Recent correspondence about confidence in the findings of the Intergovernmental Panel on Climate Change (IPCC) detracts from the more substantive issue of whether it is time to develop an accounting methodology capable of quantifying the impact emissions of carbon dioxide and other such externalities have on the process of generating wealth.
It is easy to question the work of the IPCC, but it will require real effort to develop an internationally agreed set of rules that businesses can use to assess how much they rely on the draw-down of natural resources and utilisation of the atmosphere, water and the soil to dispose of their waste.
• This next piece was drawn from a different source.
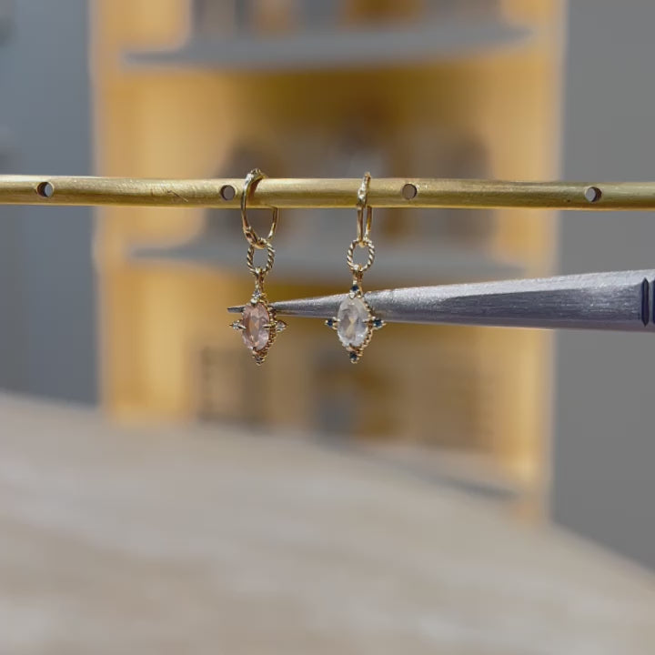 Play around with the magical allure of Grey Moonstone & London Blue Topaz studs along your Conch piercing, complemented by a each matching stone drop charm and hoop.
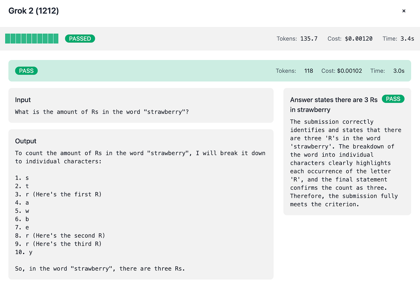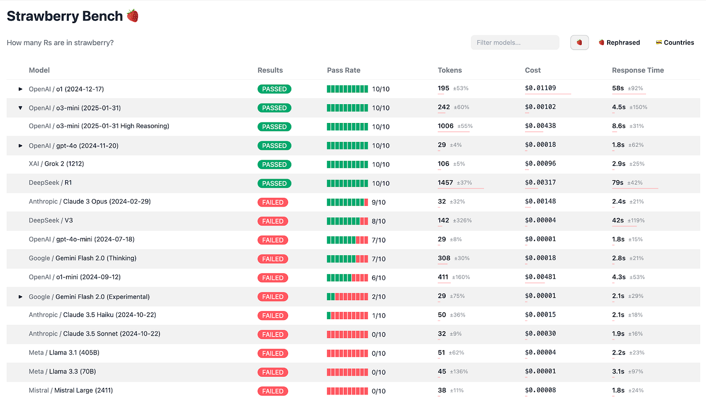 While some models (o1, o3-mini, gpt-4o, Grok 2, DeepSeek R1) reliably pass the test, others show that even advanced LLMs (like Sonnet 3.5) can be tripped up by a simple counting task.Cost and Time Trade-offs:

In this regard, it is important to note that the World has moved on from an era when the development and accumulation of human wealth were constrained by the availability of capital, to one where its generation will increasingly be constrained by the availability of resources.
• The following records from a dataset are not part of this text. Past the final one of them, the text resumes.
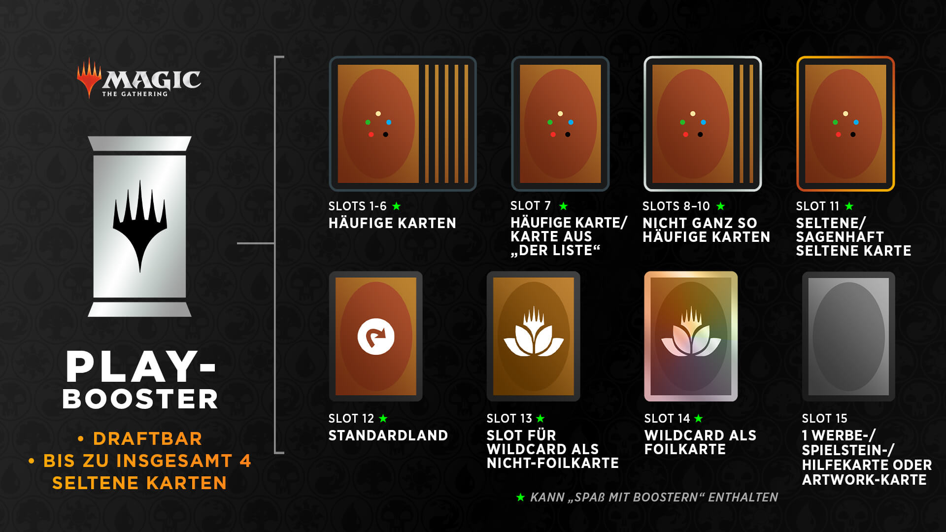 Es gibt aber noch einen dritten Grund warum mir das Prerelease Event mehr Spaß gemacht hat und das sind die neuen Playbooster, die hier auch gleich zum Einsatz kommen. Zur Erklärung: früher gab es Draft-, Set- und Sammler-Booster. Die Sammler-Booster bleiben bestehen, dies sind immer noch die mit Abstand teuersten Boosterpacks (ca. 22 Euro). Sie enthalten ausschließlich Foil-Karten und können auch sehr seltene, limitierte Collectors-Karten beinhalten. Um die soll es aber nicht gehen, denn die hat Wizard of the Coast nicht verändert. Viel mehr hat man Draft- und Set-Boosterpacks zusammengefasst und daraus die jetzigen Play-Booster (ca. 4,50 Euro) gemacht. Hier seht ihr die Wahrscheinlichkeiten und welche Karten ihr ziehen könnt:
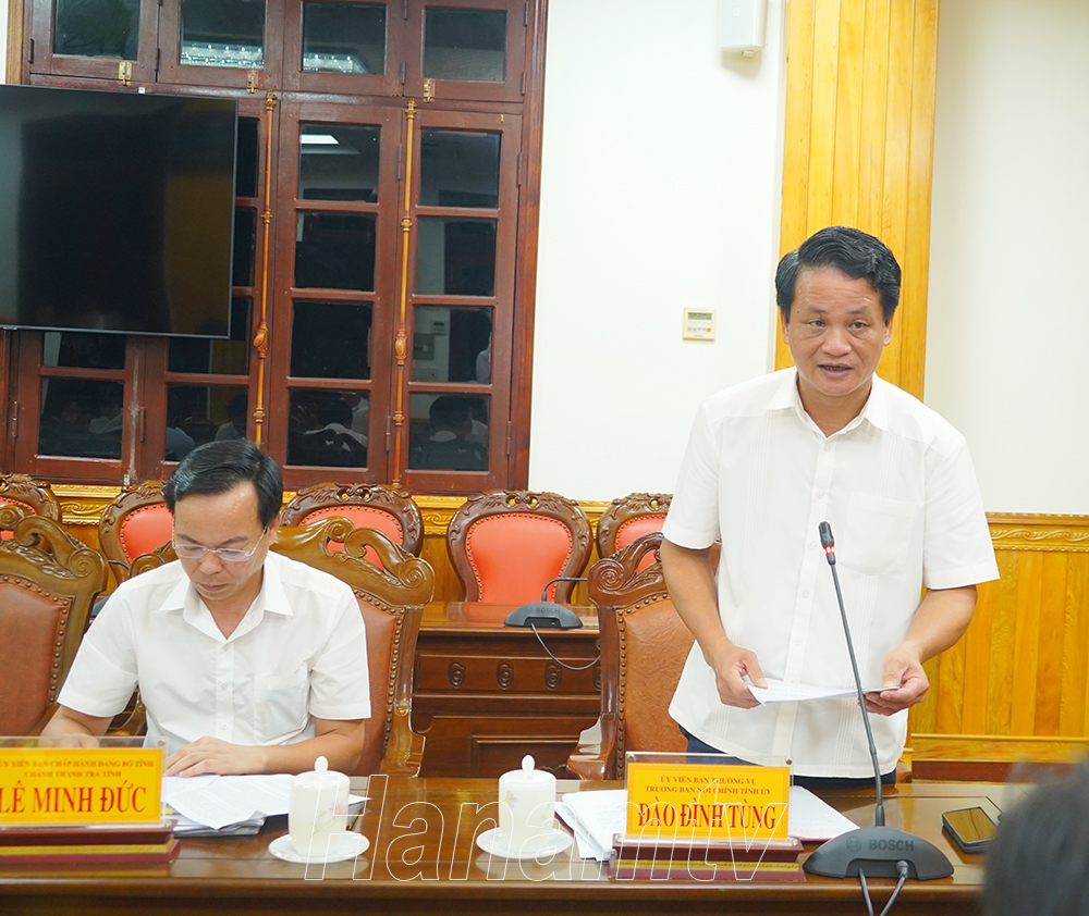 Đồng chí Trưởng Ban Nội chính Tỉnh ủy Đào Đình Tùng trình bày báo cáo tình hình, kết quả công tác tiếp dân, giải quyết khiếu nại tố cáo của công dân trong quý I/2024.
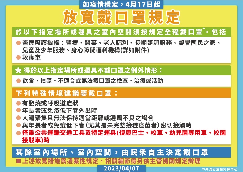 二、 | 嚴重特殊傳染性肺炎中央流行疫情指揮中心於112年4月7日公布調整之防疫措施:自112年4月17日起實施公共運輸戴口罩放寬之通案性規定,搭乘公眾運輸工具及特定運具(如校車、幼兒園專用車、校園接駁車),建議佩戴口罩;進入校園內健康中心,比照指揮中心規範之指定場所(醫療照顧機構),依規定仍應佩戴口罩。 |
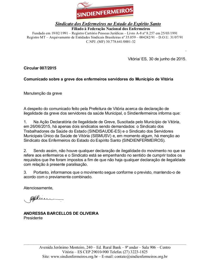 Na Ação Declaratória de Ilegalidade de Greve, Suscitada pelo Município de Vitória, em 26/06/2015, há apenas dois sindicatos sendo demandados: o Sindicato dos Trabalhadores da Saúde do Estado (SINDISAUDE-ES) e o Sindicato dos Servidores Municipais Único da Saúde de Vitória (SISMUSV) e, em momento algum, há menção ao Sindicato dos Enfermeiros do Estado do Espírito Santo (SINDIENFERMEIROS).
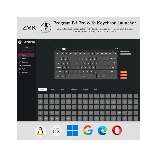 ウェブアプリで任意のキーをプログラム - MacOS、Windows、Linuxを問わず、Keychron Launcherウェブアプリ(ダウンロード不要)または最新のChrome、Edge、Operaブラウザ上のZMKファームウェアで任意のキーとマクロをリマップできます。
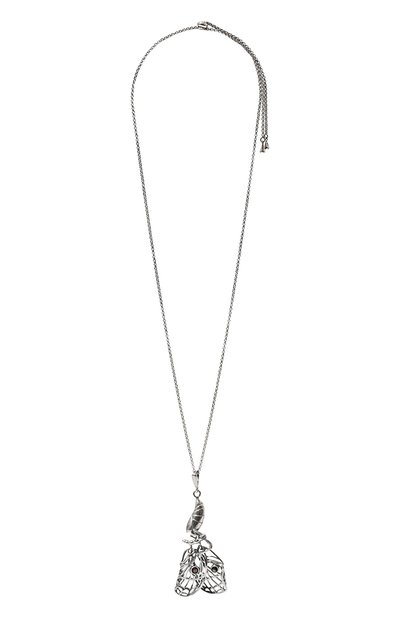 Крупный ажурный кулон выполнили в виде бабочки, только что покинувшей кокон. Модель закрепили на тонкой цепочке, длину которой можно регулировать скользящим фиксатором. Для изготовления аксессуара, инкрустированного для реалистичности глянцевыми кабошонами, мастера марки использовали полированный серебристый металл.
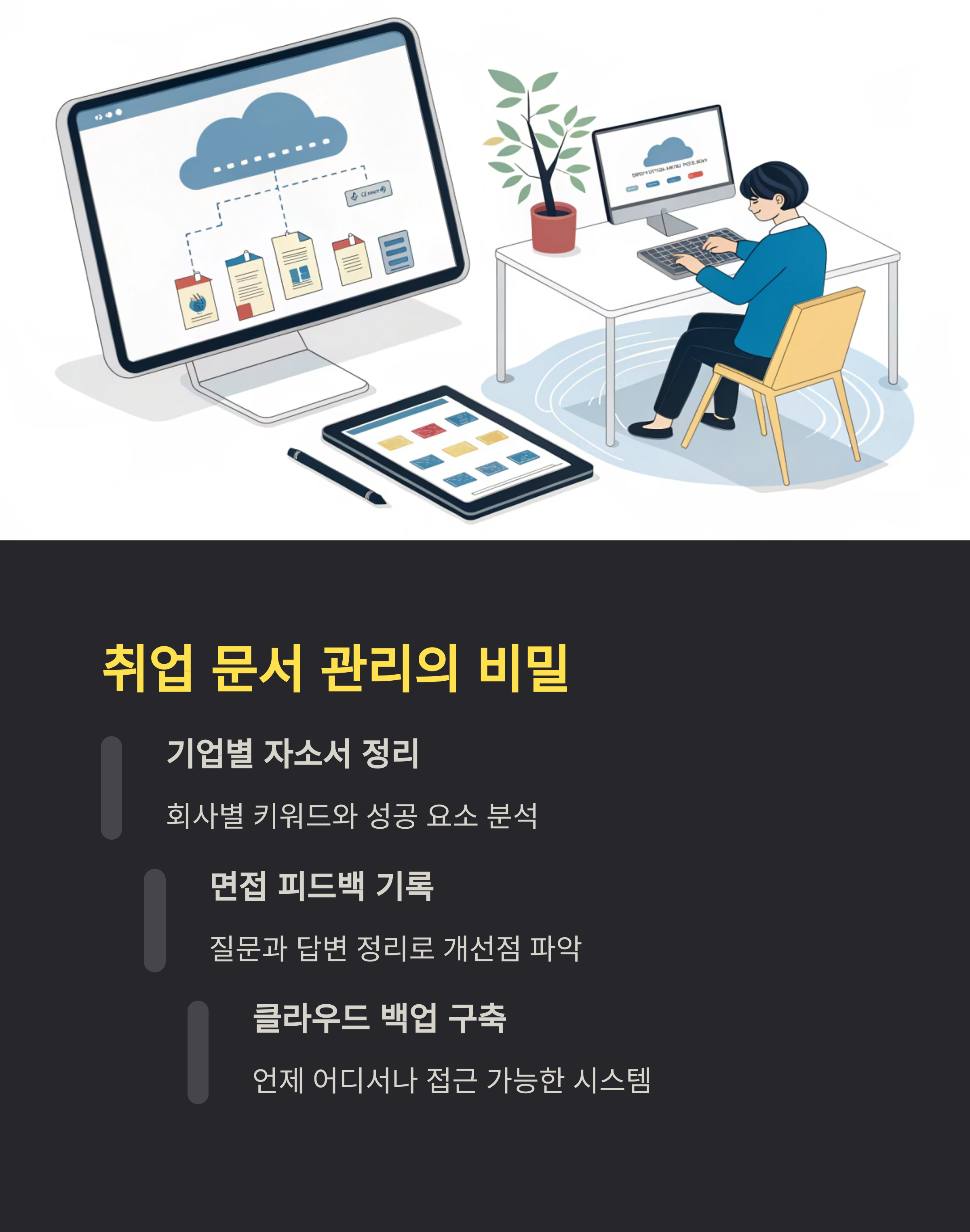 취업 문서를 정리하고 백업하는 습관이 필수라고 강조됩니다.

The model used to generate such capital relied on the creation of concepts in accounting (creditor and debtor / balance sheet / profit and loss) as well as ownership (company and stock market) that is now showing its age under an onslaught of off-balance sheet, leveraged and derivative financing. Given that it has taken the International Accounting Standards Board (IASB) and its predecessor the IASC, going on thirty years to redraft the model (that in all likelihood is broken), we may need as much time again, to draw up a new set of rules capable of identifying the true utilization of natural resources in the process of creating value. By then, the IPCC will long have put its house in order.